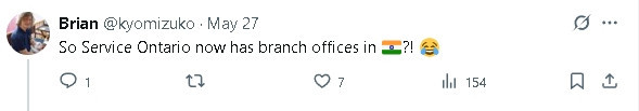 “Service Ontario现在开到印度了?”
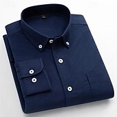 Men's Striped Long-Sleeve Dress Shirts Button Down Breathable Casual Vintage Loose Cotton Shirts Stylish Solid Oxford Business Shirt for Men 17
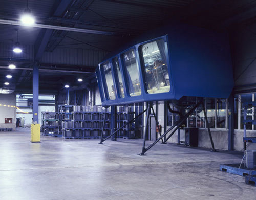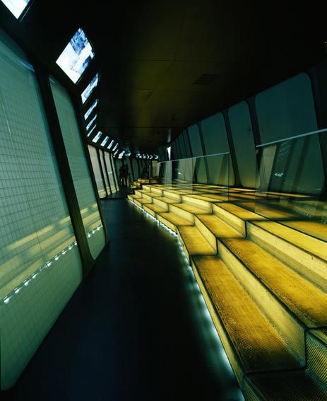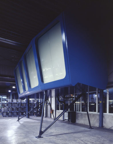 Im Inneren des symmetrisch aufgebauten Stahlmodules wird durch Einsetzen eines (hinterleuchteten) Sitz- und Stehpodestes eine mehrreihige Bespielung des Raumes erreicht; somit wird auch aus den hinteren Reihen der gesamte Ausblick ermöglicht. Nach einem über bündig montierte Flachbildschirme präsentierten Vortrag werden die Glasscheiben von matt auf klarsichtig gestellt und der Besucher erhält unmittelbaren Einblick in die Produktionsabläufe. (Text: Architekten)
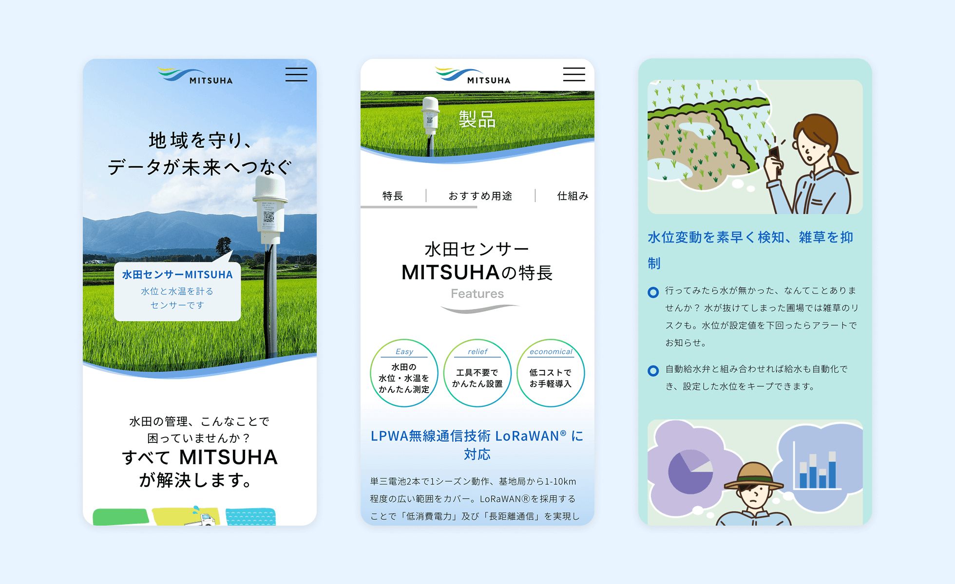 農業ICT・水田水管理プラットフォーム「MITSUHA」のサービスサイト制作
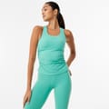 This USA Pro tank top combines style and functionality. Crafted for performance, it features a unique two-in-one design with ruched embellishments, making it a standout piece in your wardrobe. Perfect for those who seek both comfort and fashion in their activewear. -
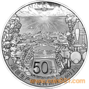 155.52克(5盎司)圓形銀質(zhì)紀(jì)念幣背面圖案為兵團(tuán)60年建設(shè)輝煌成就,并刊“新疆生產(chǎn)建設(shè)兵團(tuán)成立60周年”中文字樣及面額。
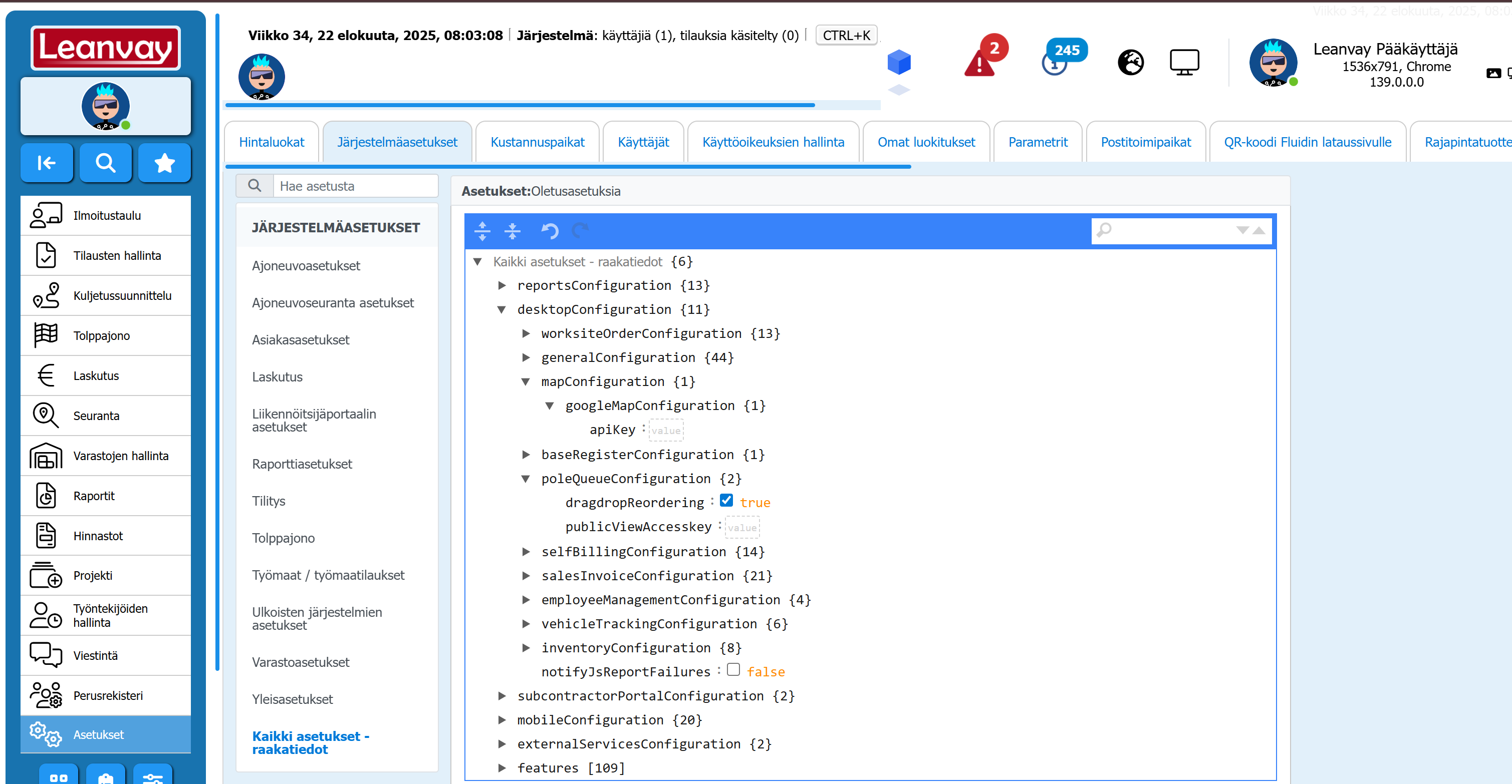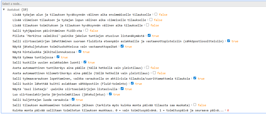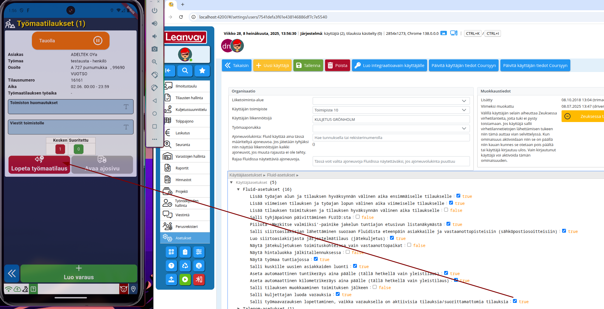 - [Uusi] Asetukset, Käyttöoikeuksien hallinta: Mahdollista laittaa Fluid-käyttäjälle päälle valinta, että työmaatilauksen varauksen saa lopettaa, vaikka tilauksia on kesken. Vaatii Fluidista vähintään version 185 toimiakseen.
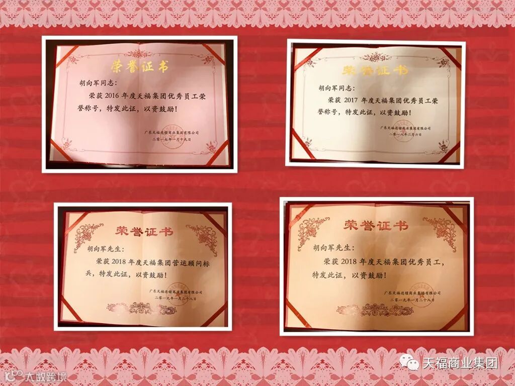 四年荣获“优秀员工”称号,胡向军在平凡的岗位上创造了不平凡的成绩。他用每一滴汗水和每一份付出,生动地诠释了天福“诚信、团结、创新、拼搏”的企业精神,以实际行动践行了使命,他是当之无愧的“天福铁军”。
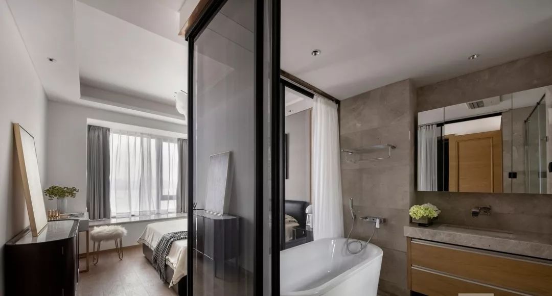要想達(dá)到干濕分離,又想要美觀好看。如果衛(wèi)生間面積夠大,可以考慮“三分離”,即洗面柜區(qū)、馬桶區(qū)、淋浴區(qū)獨立分開。而“三分離”的設(shè)計師,需要衛(wèi)生間面積在6.2㎡以上。
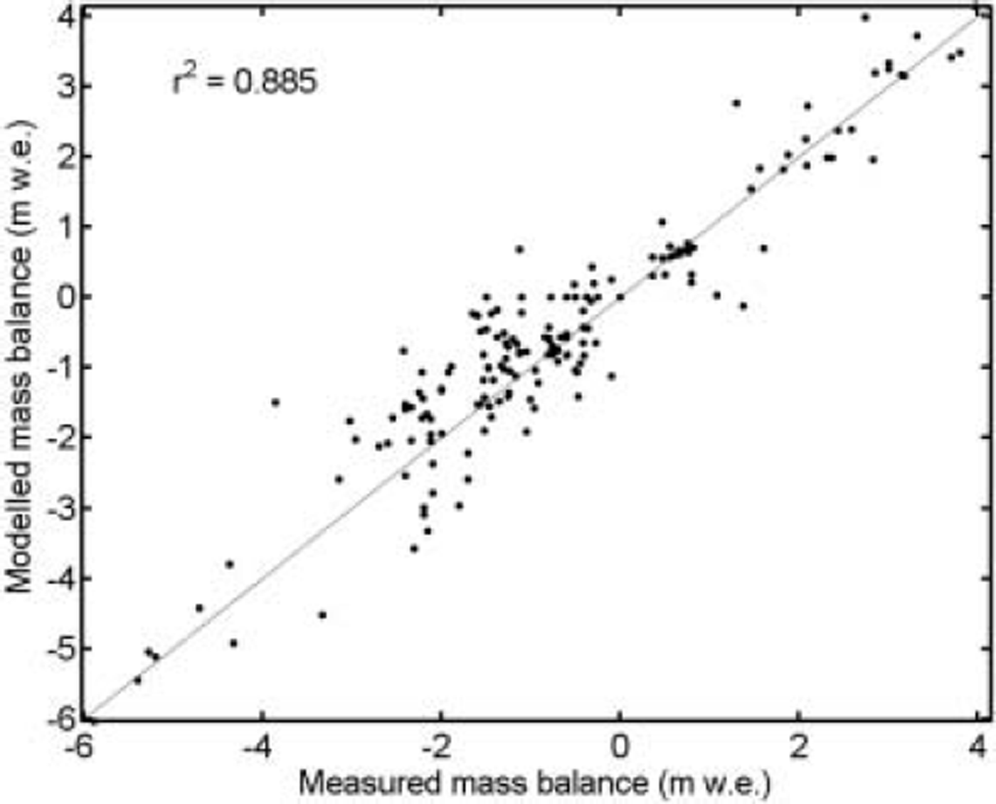 Fig. 3. Scatter plot of measured vs calculated mass balance at individual stakes. The number of samples is 174.

________________________________________

=== Exercise aim ===
Set the listing above down again exactly, leaving pictures out.

=== Result of this task ===
 “Service Ontario现在开到印度了?”
 Men's Striped Long-Sleeve Dress Shirts Button Down Breathable Casual Vintage Loose Cotton Shirts Stylish Solid Oxford Business Shirt for Men 17
 Im Inneren des symmetrisch aufgebauten Stahlmodules wird durch Einsetzen eines (hinterleuchteten) Sitz- und Stehpodestes eine mehrreihige Bespielung des Raumes erreicht; somit wird auch aus den hinteren Reihen der gesamte Ausblick ermöglicht. Nach einem über bündig montierte Flachbildschirme präsentierten Vortrag werden die Glasscheiben von matt auf klarsichtig gestellt und der Besucher erhält unmittelbaren Einblick in die Produktionsabläufe. (Text: Architekten)
 農業ICT・水田水管理プラットフォーム「MITSUHA」のサービスサイト制作
 This USA Pro tank top combines style and functionality. Crafted for performance, it features a unique two-in-one design with ruched embellishments, making it a standout piece in your wardrobe. Perfect for those who seek both comfort and fashion in their activewear. -
 155.52克(5盎司)圓形銀質(zhì)紀(jì)念幣背面圖案為兵團(tuán)60年建設(shè)輝煌成就,并刊“新疆生產(chǎn)建設(shè)兵團(tuán)成立60周年”中文字樣及面額。
 - [Uusi] Asetukset, Käyttöoikeuksien hallinta: Mahdollista laittaa Fluid-käyttäjälle päälle valinta, että työmaatilauksen varauksen saa lopettaa, vaikka tilauksia on kesken. Vaatii Fluidista vähintään version 185 toimiakseen.
 四年荣获“优秀员工”称号,胡向军在平凡的岗位上创造了不平凡的成绩。他用每一滴汗水和每一份付出,生动地诠释了天福“诚信、团结、创新、拼搏”的企业精神,以实际行动践行了使命,他是当之无愧的“天福铁军”。
要想達(dá)到干濕分離,又想要美觀好看。如果衛(wèi)生間面積夠大,可以考慮“三分離”,即洗面柜區(qū)、馬桶區(qū)、淋浴區(qū)獨立分開。而“三分離”的設(shè)計師,需要衛(wèi)生間面積在6.2㎡以上。
 Fig. 3. Scatter plot of measured vs calculated mass balance at individual stakes. The number of samples is 174.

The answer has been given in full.